For clear_cache mount option, it would temporary disable v2 cache, then re-enable it.
But unfortunately for that temporary v2 cache disabled status, we refuse to write a superblock with bg tree only flag, thus leads to the above transaction abortion.
[FIX] For now, just reject clear_cache and v1 cache mount option for block group tree. So now we got a graceful rejection other than a transaction abort:
BTRFS info (device dm-4): force clearing of disk cache BTRFS error (device dm-4): cannot disable free space tree with block-group-tree feature BTRFS error (device dm-4): open_ctree failed
Cc: stable@vger.kernel.org # 6.1+ Signed-off-by: Qu Wenruo wqu@suse.com --- For the proper fix, we need to change the behavior of clear_cache and v1 cache switch.
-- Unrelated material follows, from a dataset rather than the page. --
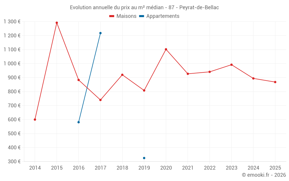 Le prix médian sur les 31 transactions de maisons des 24 derniers mois dans la commune de Peyrat-de-Bellac était de 980 € par mètre carré pour une valeur foncière médiane de 75 455 €. Sur cette période 60% des transactions se sont situées entre 397 et 1 320 € par mètre carré (du 2ème au 8ème déciles).

For pure clear_cache without switch cache version, we should allow rebuilding v2 cache without fully disable v2 cache. --- fs/btrfs/super.c | 7 ++++++- 1 file changed, 6 insertions(+), 1 deletion(-)
diff --git a/fs/btrfs/super.c b/fs/btrfs/super.c index 581845bc206a..eefae0318d4f 100644 --- a/fs/btrfs/super.c +++ b/fs/btrfs/super.c @@ -826,7 +826,12 @@ int btrfs_parse_options(struct btrfs_fs_info *info, char *options, !btrfs_test_opt(info, CLEAR_CACHE)) { btrfs_err(info, "cannot disable free space tree"); ret = -EINVAL; - + } + if (btrfs_fs_compat_ro(info, BLOCK_GROUP_TREE) && + (btrfs_test_opt(info, CLEAR_CACHE) || + !btrfs_test_opt(info, FREE_SPACE_TREE))) { + btrfs_err(info, "cannot disable free space tree with block-group-tree feature"); + ret = -EINVAL; } if (!ret) ret = btrfs_check_mountopts_zoned(info);
On Thu, Apr 27, 2023 at 09:45:32AM +0800, Qu Wenruo wrote:
[BUG] With block-group-tree feature enabled, mounting it with clear_cache would cause the following transaction abort at mount or remount:
BTRFS info (device dm-4): force clearing of disk cache BTRFS info (device dm-4): using free space tree BTRFS info (device dm-4): auto enabling async discard BTRFS info (device dm-4): clearing free space tree BTRFS info (device dm-4): clearing compat-ro feature flag for FREE_SPACE_TREE (0x1) BTRFS info (device dm-4): clearing compat-ro feature flag for FREE_SPACE_TREE_VALID (0x2) BTRFS error (device dm-4): block-group-tree feature requires fres-space-tree and no-holes BTRFS error (device dm-4): super block corruption detected before writing it to disk BTRFS: error (device dm-4) in write_all_supers:4288: errno=-117 Filesystem corrupted (unexpected superblock corruption detected) BTRFS warning (device dm-4: state E): Skipping commit of aborted transaction.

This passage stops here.